§ **WORK ORDER**:
What you return must match the data below exactly, minus any pictures.

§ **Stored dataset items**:

-------

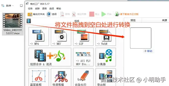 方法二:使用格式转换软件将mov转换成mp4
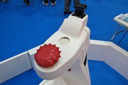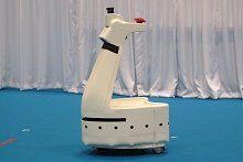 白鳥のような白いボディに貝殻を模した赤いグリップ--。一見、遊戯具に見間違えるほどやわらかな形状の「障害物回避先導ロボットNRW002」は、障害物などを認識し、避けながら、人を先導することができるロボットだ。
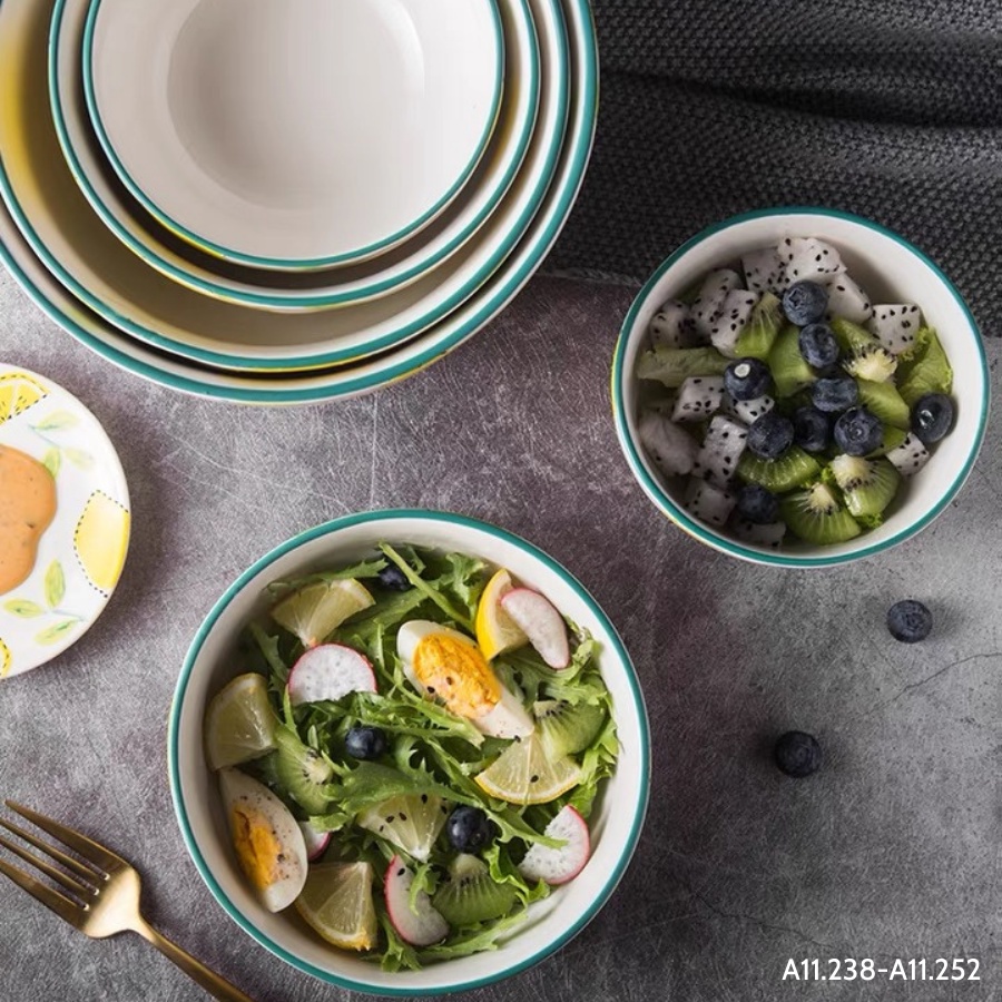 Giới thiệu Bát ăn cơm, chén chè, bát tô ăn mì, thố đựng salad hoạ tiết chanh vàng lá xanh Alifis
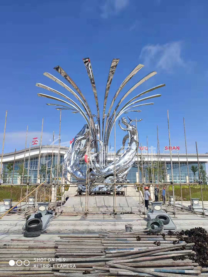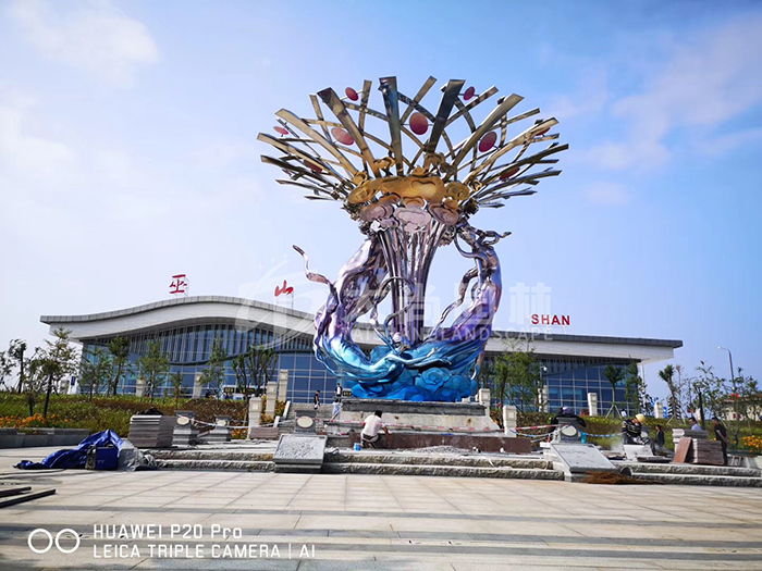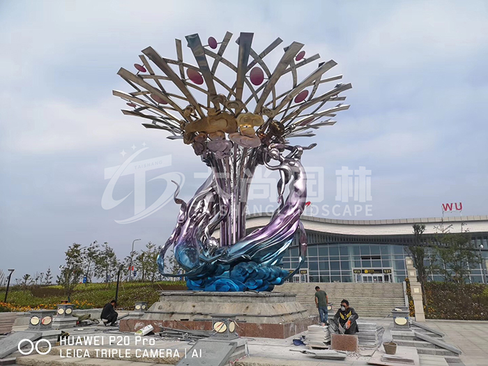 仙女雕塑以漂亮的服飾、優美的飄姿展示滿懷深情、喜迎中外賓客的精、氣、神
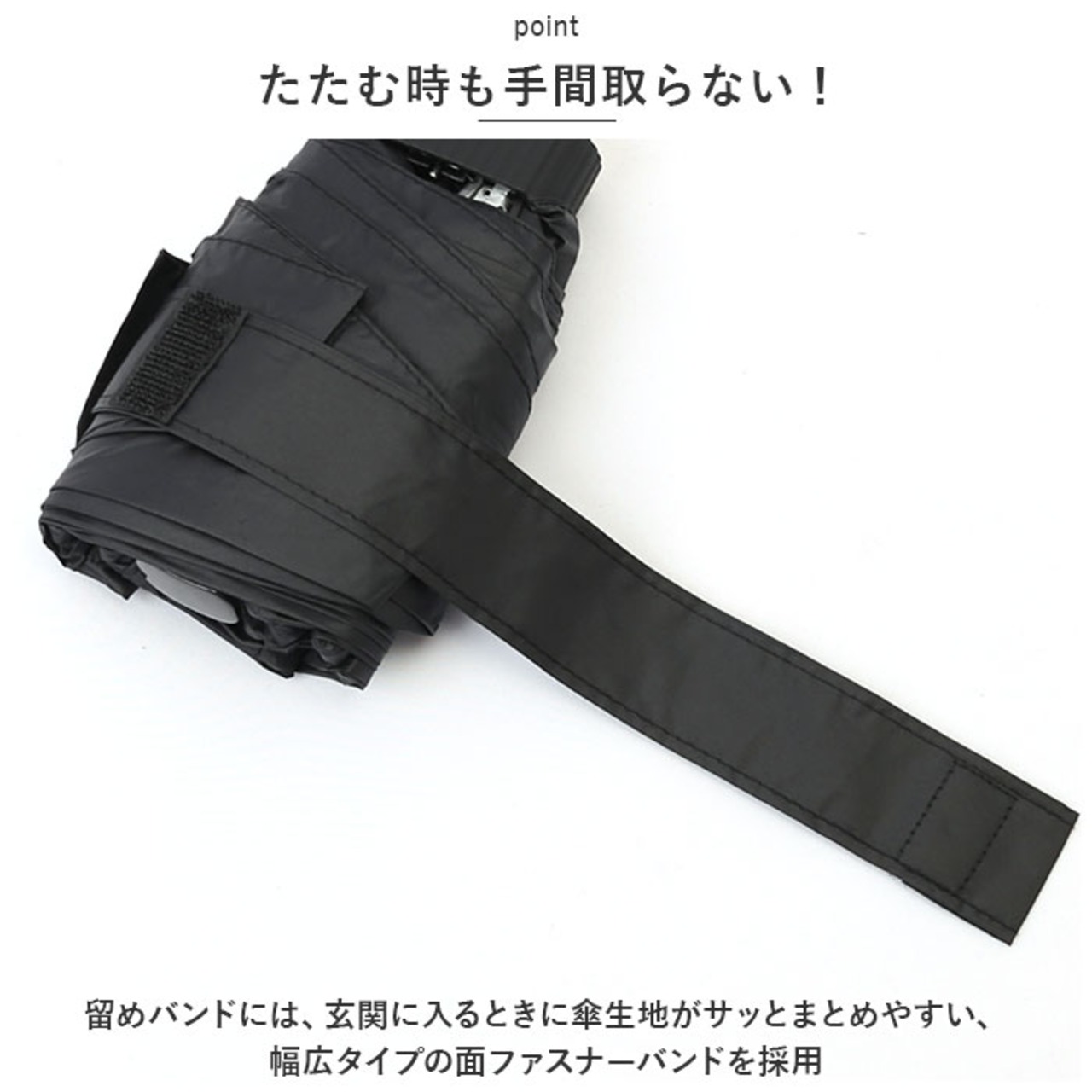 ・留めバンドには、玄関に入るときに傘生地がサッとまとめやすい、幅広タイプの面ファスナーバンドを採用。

-------

§ **FINAL ANSWER**:
 方法二:使用格式转换软件将mov转换成mp4
 白鳥のような白いボディに貝殻を模した赤いグリップ--。一見、遊戯具に見間違えるほどやわらかな形状の「障害物回避先導ロボットNRW002」は、障害物などを認識し、避けながら、人を先導することができるロボットだ。
 Giới thiệu Bát ăn cơm, chén chè, bát tô ăn mì, thố đựng salad hoạ tiết chanh vàng lá xanh Alifis
 仙女雕塑以漂亮的服飾、優美的飄姿展示滿懷深情、喜迎中外賓客的精、氣、神
 ・留めバンドには、玄関に入るときに傘生地がサッとまとめやすい、幅広タイプの面ファスナーバンドを採用。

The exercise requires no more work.